::: Source material :::
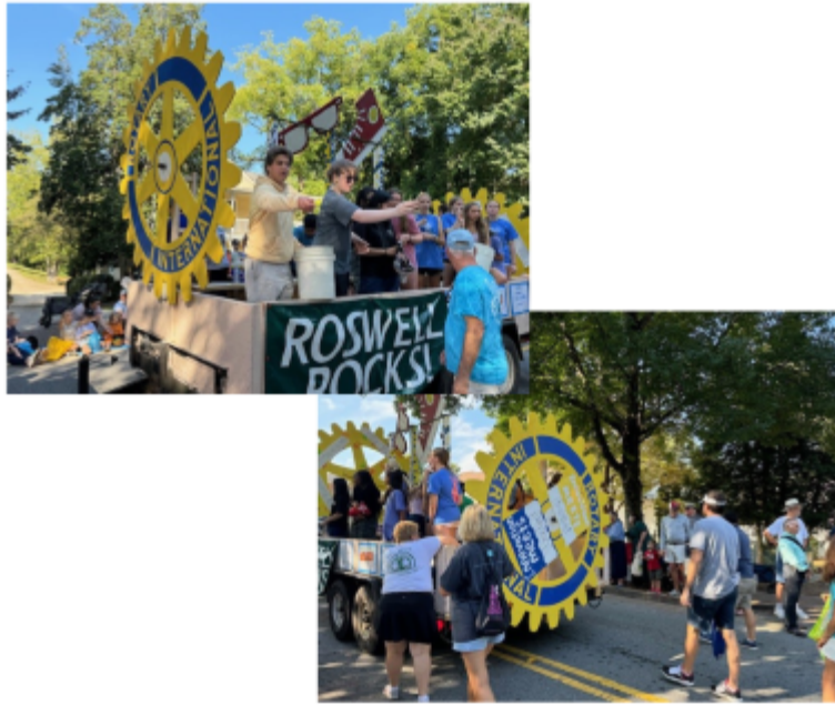
Roswell Rotary Scarecrows on Canton Street
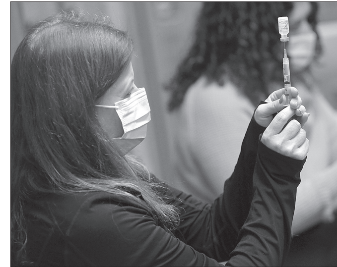
Nurses ready syringes for vaccinations at a Village-run clinic.

More information... For more information on the April 6, 2021 Consolidated Election, including polling sites by address, visit www.cookcountyclerk.com/elections .
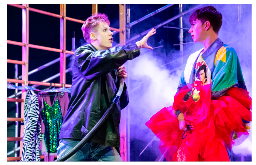
CTC's Everybody's Talking About Jamie: Teen Edition

We apologise that the original information on Facebook stipulated an age range from 8-18 — we have subsequently confirmed that our licence stipulates 9-18. We apologise for any inconvenience that this may have caused.
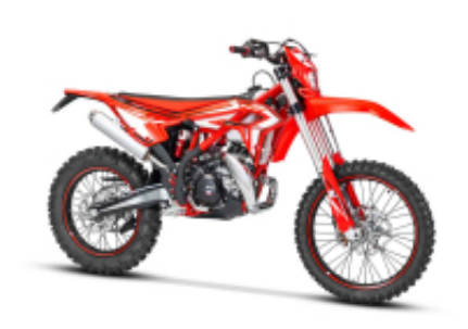
X Trainer 300 + $532.93
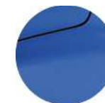
IRON BLUE (1)(3)

(1) Metallic colours - (2) Opaque colours (3) not available on the Extreme SE
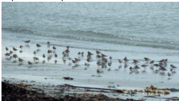
Dunlins - Vaul Bay, Tiree 23 May.

770 Ringed Plovers at Vaul/Ruaig; 8 Black-tailed Godwits at The Reef; a Common Whitethroat at Balephuill.
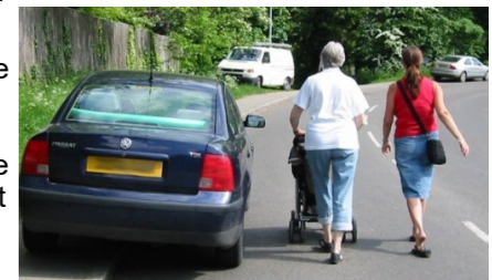
Inconsiderate pavement parking poses a real risk to pedestrians, who can be forced out into the road.

Parking on a pavement is sensible in some circumstances. E.g. parking wholly on a narrow road might stop other vehicles, particularly emergency vehicles, from getting through. Therefore on narrow roads it may be a good option to park partially on a pavement. However this is provided that a) there are no parking restrictions and b) you are not blocking a pedestrian, wheelchair user, service dog, or pram, from using the pavement. Dropped kerbs, giving access to or egress from the public pavement to the road should not be blocked either.
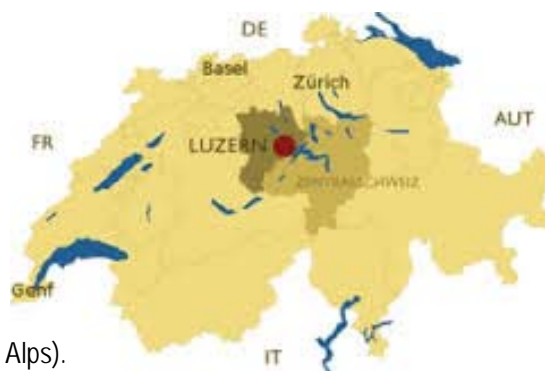
Lucerne in the heart of Switzerland

Panel on sustainability as key factor for food security. Visit Farms and processing facilities.
:::
Aim of the exercise:
Every line above that holds "information" should be tallied; answer with the total alone.

Exercise result:
2